Ademhaling is een belangrijk fysiologisch proces, zonder welke het menselijk leven onmogelijk is. Dankzij een vastgesteld mechanisme worden cellen voorzien van zuurstof en kunnen ze deelnemen aan de stofwisseling. Soorten ademhaling worden onderscheiden afhankelijk van welke spieren en organen bij het proces betrokken zijn.
Fysiologie van de ademhaling
Ademen gaat gepaard met afwisselend inademen (zuurstofverbruik) en uitademen (kooldioxideafgifte). In korte tijd vinden er veel processen tussen hen plaats. Ze kunnen worden onderverdeeld in de volgende hoofdfasen van de ademhaling:
- extern (ventilatie en diffusie van gassen in de longen);
- zuurstoftransport;
- ademende stoffen.
Externe ademhaling zorgt voor de volgende processen:
- Ventilatie van de longen - de lucht passeert de luchtwegen, wordt gehydrateerd, wordt warmer en schoner.
- Gasuitwisseling - vindt plaats in een kort interval van ademstilstand (tussen uitademing en een nieuwe ademhaling). Alveoli en longcapillairen zijn betrokken bij de uitwisseling. Bloed komt via de longblaasjes de haarvaten binnen, waar het verzadigd is met zuurstof en door het lichaam wordt vervoerd. Kooldioxide wordt vanuit de haarvaten terug naar de longblaasjes getransporteerd en het lichaam uitgeademd.
De beginfase van de ademhaling bevordert de overdracht van zuurstof van de longblaasjes naar het bloed en de ophoping van koolstofdioxide in de longblaasjes voor verdere uitscheiding uit het lichaam.
Vervoer en eindresultaat van ruil
Het transport van gassen door het bloed wordt veroorzaakt door rode bloedcellen.
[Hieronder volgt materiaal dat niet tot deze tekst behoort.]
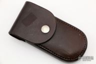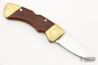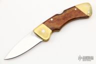 This knife by Track Knives features a mirror polished blade. The handle has dovetailed brass bolsters, dymondwood scales, brass liners and a steel backspacer. Comes with a brown leather sheath. Has some light scratches, otherwise excellent condition. #120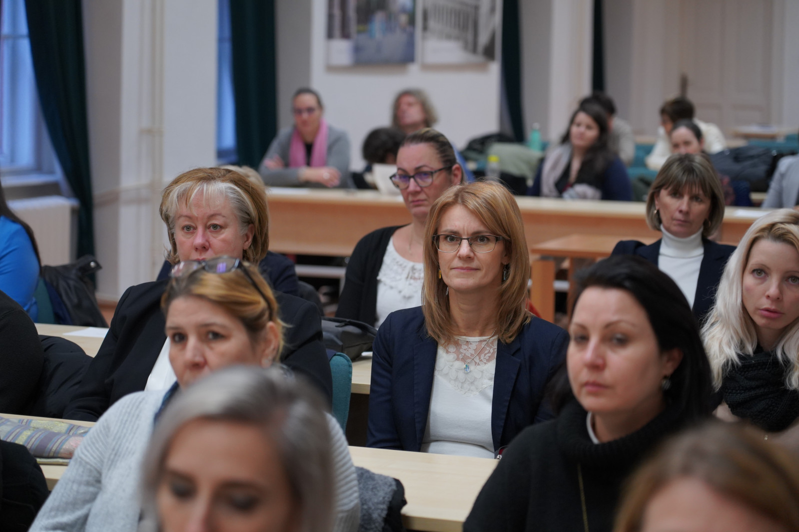 A rektor beszédét Morva Emília, a Magyar Máltai Szeretetszolgálat Közép-Magyarországi Regionális Központja régióvezetőjének előadása követte arról, hogy milyen kihívásokkal szembesülhetnek a női vezetők pályájuk során, s hogy egyáltalán érdemes-e beszélni a „női vezetésről” mint önálló jelenségről. Szó esett arról is, hogy mennyire nehéz összehangolni az anyaságot a vezetői pozícióval, holott valójában egyre nagyobb igény van a női értékek és nézőpontok kibontakoztatására a vezetői szférában.
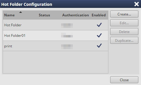 Status | Displays the editing status of the hot folder. Editing: The job is being edited using AccurioPro Print Manager or PageScope Web Connection. Processing: Data saving is in progress. |
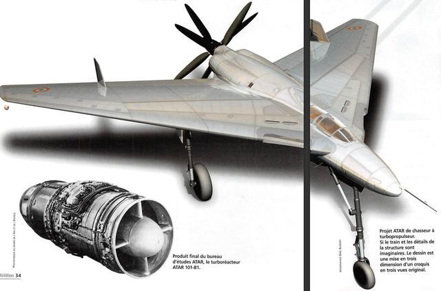 对于压力螺旋桨的驱动方式,当时并没有明确的解决方案,比较传统的是单核心或双核心的ATAR 201通过连杆直接驱动在机头部的螺旋桨。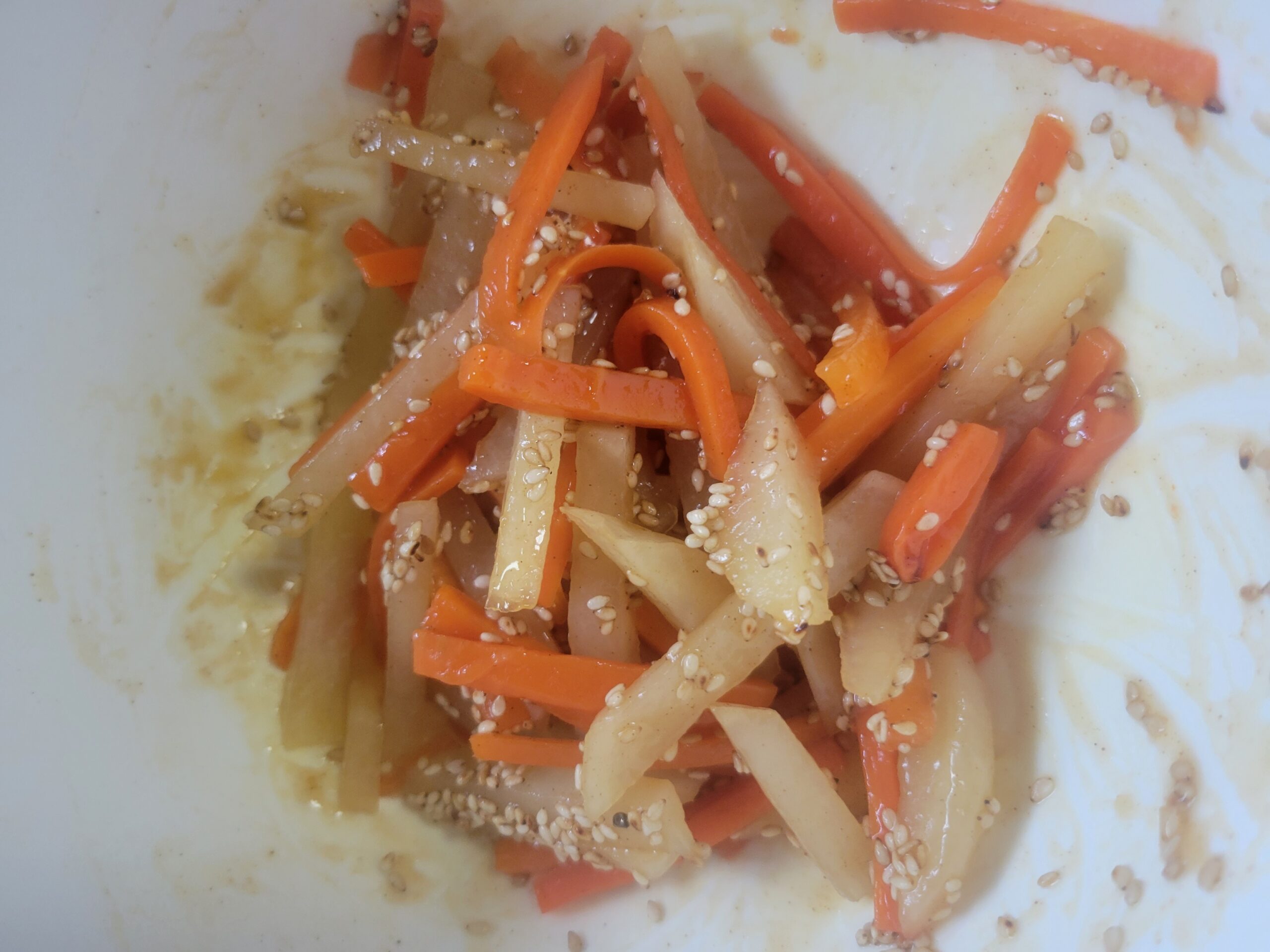 レンチンでおいしい!じゃがいもとにんじんのきんぴら(2人分)

Ze vervoeren zuurstof naar de weefsels van organen, waar verdere metabolische processen beginnen.
Diffusie in weefsels kenmerkt het proces van weefselademhaling. Wat betekent het? Rode bloedcellen geassocieerd met zuurstof komen de weefsels binnen en vervolgens in de weefselvloeistof. Tegelijkertijd gaat opgeloste kooldioxide terug naar de longblaasjes in de longen.
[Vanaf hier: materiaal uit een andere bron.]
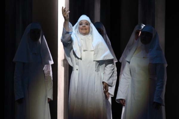 Das Bühnenbild beschränkt sich auf schlichte, grau angerauchte Wände mit Zellentüren, nur das Licht deutet Änderungen in Zeit und Raum an – beeindruckende Arbeit von Eva-Nadin Krischok. Darin der weißgekleidete Chor der Nonnen – eine formlose Masse, die sich ausbreitet, zusammenzieht, pulsiert und wieder erstarrt – ein Hintergrund des Dramas, das sich nur auf die Titelheldin konzentriert. In dieser Masse gefangen ist sie allein mit ihrem Schmerz. Ergreifend Marianne Kienbaum-Nasrawi in der Rolle der Angelica. Sie spielt mit Andeutungen, Schemen, mit einer Stimmzurückhaltung, die die Dramatik noch steigern lässt. Schade nur um die Schlussszene: Marianne Kienbaum-Nasrawi verlässt die dramatisch wirksame Zurückhaltung und robbt in konvulsiver Agonie ihrem Kind entgegen, das leibhaftig aus der Kulisse vortritt. Leider kitschig dies.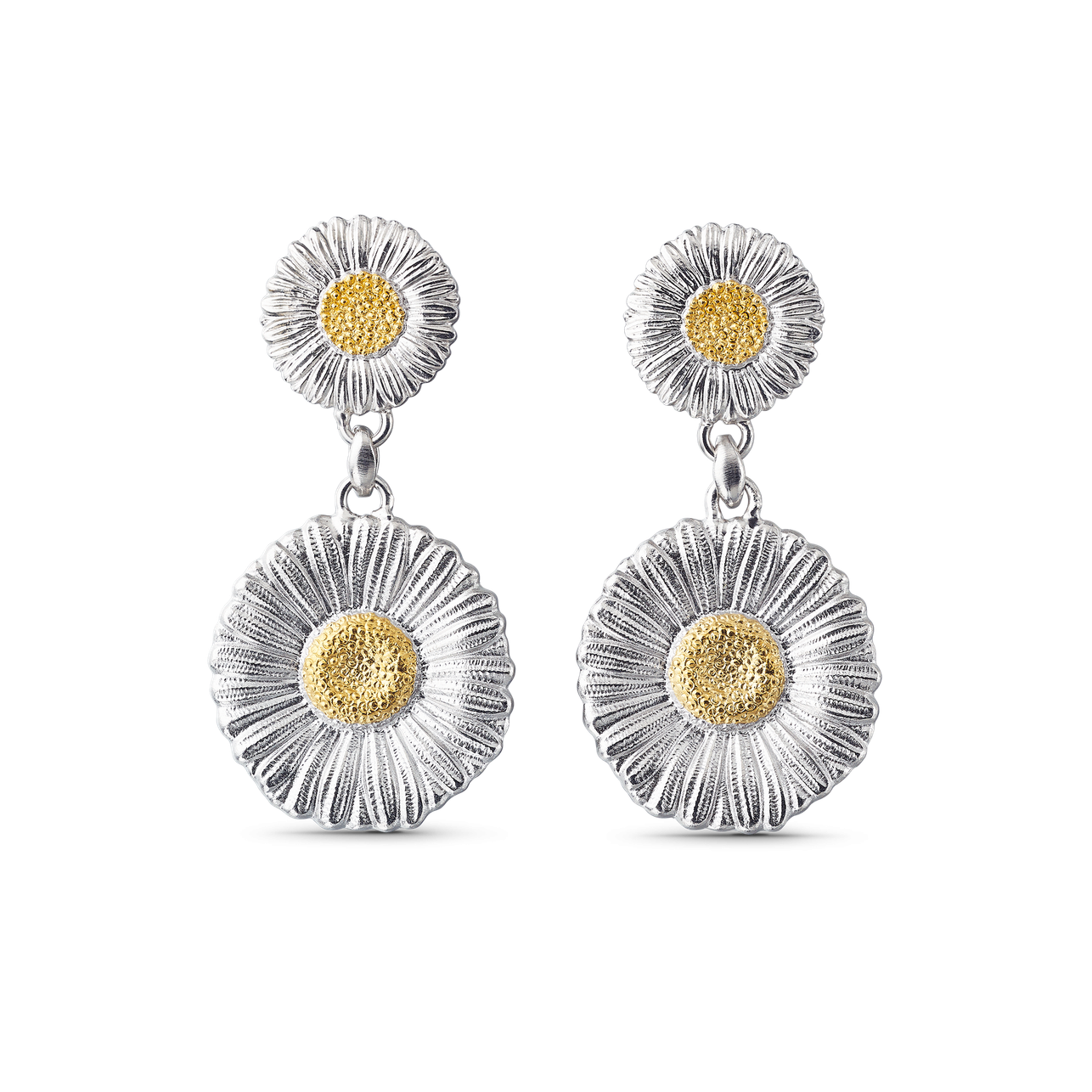 Earrings in rhodium-plated and gold-plated sterling silver. Daisy, Diameters: 2.5 cm and 3.5 cm – length 7 cm.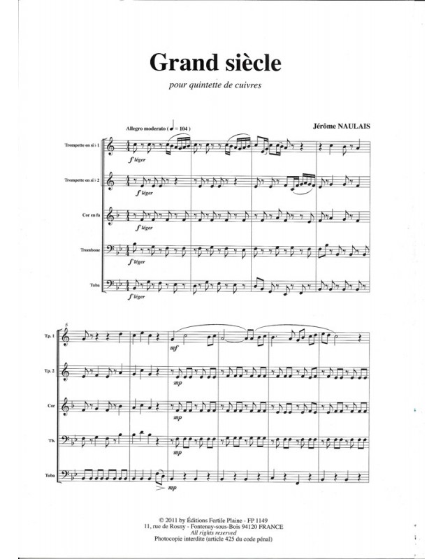 Grand Siècle Jérôme Naulais 2 Trumpets, Horn, Trombone and Tuba Set de partitions

Via weefselvloeistof komt bloed de cellen binnen. Chemische processen voor de afbraak van nutriënten worden op gang gebracht. Het eindproduct van oxidatie - koolstofdioxide - komt weer in het bloed in de vorm van een oplossing en wordt overgebracht naar de longblaasjes.
Ongeacht welk type ademhaling door een individueel organisme wordt gebruikt, zijn de metabolische processen die plaatsvinden hetzelfde. Door het werk van de spieren kun je het volume van de borstkas veranderen, dat wil zeggen, in- of uitademen.
Het belang van spieren bij ademhalingsprocessen
Soorten ademhaling ontstonden als gevolg van samentrekking van de spieren van verschillende delen van de wervelkolom. De ademhalingsspieren zorgen voor een ritmische verandering in het volume van de borstholte. Afhankelijk van de uitgevoerde functies, zijn ze onderverdeeld in inspiratoire en expiratoire.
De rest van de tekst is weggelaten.